KOTA TANGSEL | BD — Program tabungan kurban yang digelar Al-Azhar BSD tidak hanya menjadi sarana penghimpunan hewan kurban untuk Iduladha 1447 Hijriah, tetapi juga dimanfaatkan sebagai media pendidikan karakter bagi para siswa. Melalui program tersebut, para siswa diajarkan nilai empati, kepedulian sosial, hingga semangat berbagi kepada sesama sejak usia dini.

Ketua Panitia Kurban Al-Azhar BSD, Al Rudi mengatakan, pendidikan karakter menjadi salah satu tujuan utama dari pelaksanaan program kurban yang rutin digelar setiap tahun tersebut. Menurutnya, kebiasaan berbagi perlu ditanamkan sejak dini agar tumbuh menjadi karakter dalam kehidupan sehari-hari siswa.

“Yang paling penting bukan hanya jumlah hewan kurban yang terkumpul, tetapi bagaimana anak-anak belajar peduli, belajar berbagi, dan memahami bahwa ada masyarakat yang membutuhkan bantuan,” ujar Rudi, Rabu (27/5/2026).

Ia menjelaskan, dana kurban berasal dari infak sukarela para siswa yang disisihkan dari uang jajan mereka.
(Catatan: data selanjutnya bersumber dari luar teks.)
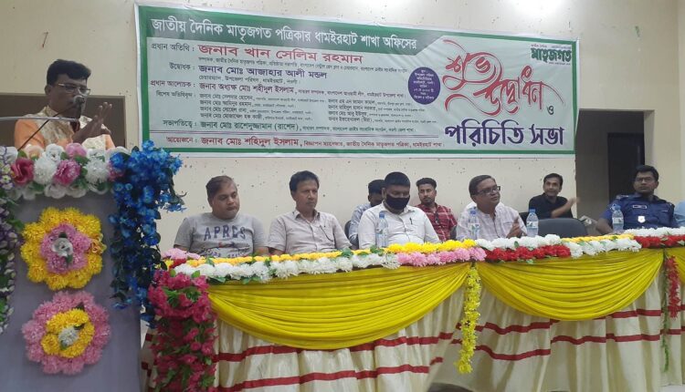 নওগাঁর ধামুইরহাটে জাতীয় দৈনিক মাতৃজগত পত্রিকার শাখা অফিসের উদ্ভোদধ ও পত্রিকাটির নওগাঁ জেলাসহ বিভিন্ন জেলা উপজেলা হইতে আগত সাংবাদিকদের পরিচিতি সভা অনুষ্ঠিত হয়েছে।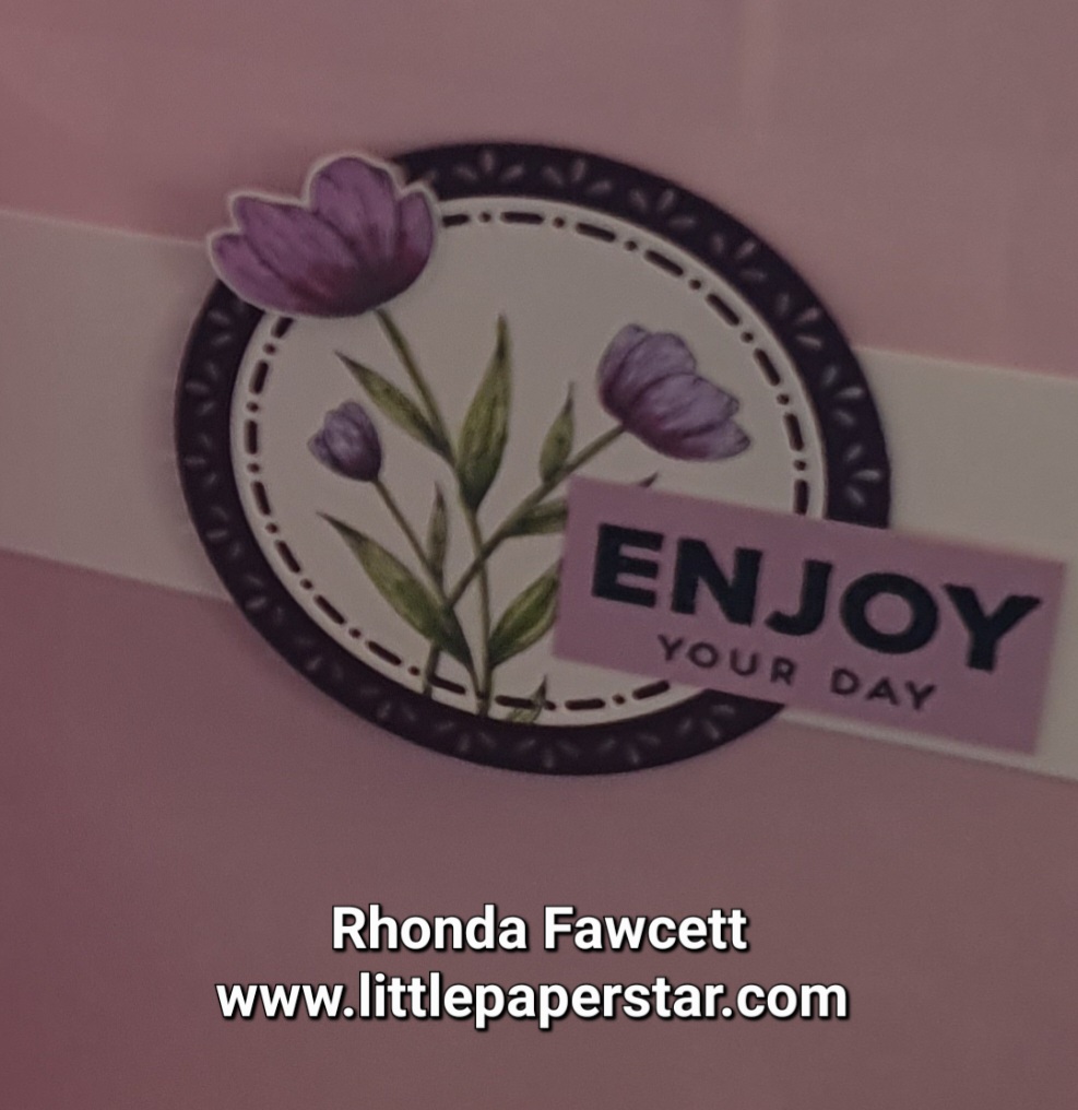 These gift bags were made using the Spotlight on Nature bundle. Pretty stamps and circle dies. The dies are amazing as there are 12 circles with different designs around the edges. I love this lacy edge on the dark Blackberry Bliss circle.

Program tersebut melibatkan seluruh unit pendidikan di lingkungan Al-Azhar BSD, mulai dari tingkat TK hingga SMA.

Melalui proses tersebut, siswa tidak hanya diajak berpartisipasi secara materi, tetapi juga dikenalkan pada makna kurban sebagai bentuk keikhlasan, kepedulian, dan kebersamaan sosial.

“Anak-anak diajak memahami bahwa kurban bukan sekadar menyembelih hewan, tetapi juga tentang keikhlasan dan rasa empati terhadap sesama,” katanya.

Tahun ini, Al-Azhar BSD berhasil menghimpun 145 ekor kambing dan 13 ekor sapi untuk disalurkan kepada masyarakat. Distribusi hewan kurban diprioritaskan bagi warga di sekitar sekolah, kemudian diperluas ke sejumlah wilayah di Tangerang Selatan, Kota Tangerang, hingga Kabupaten Tangerang.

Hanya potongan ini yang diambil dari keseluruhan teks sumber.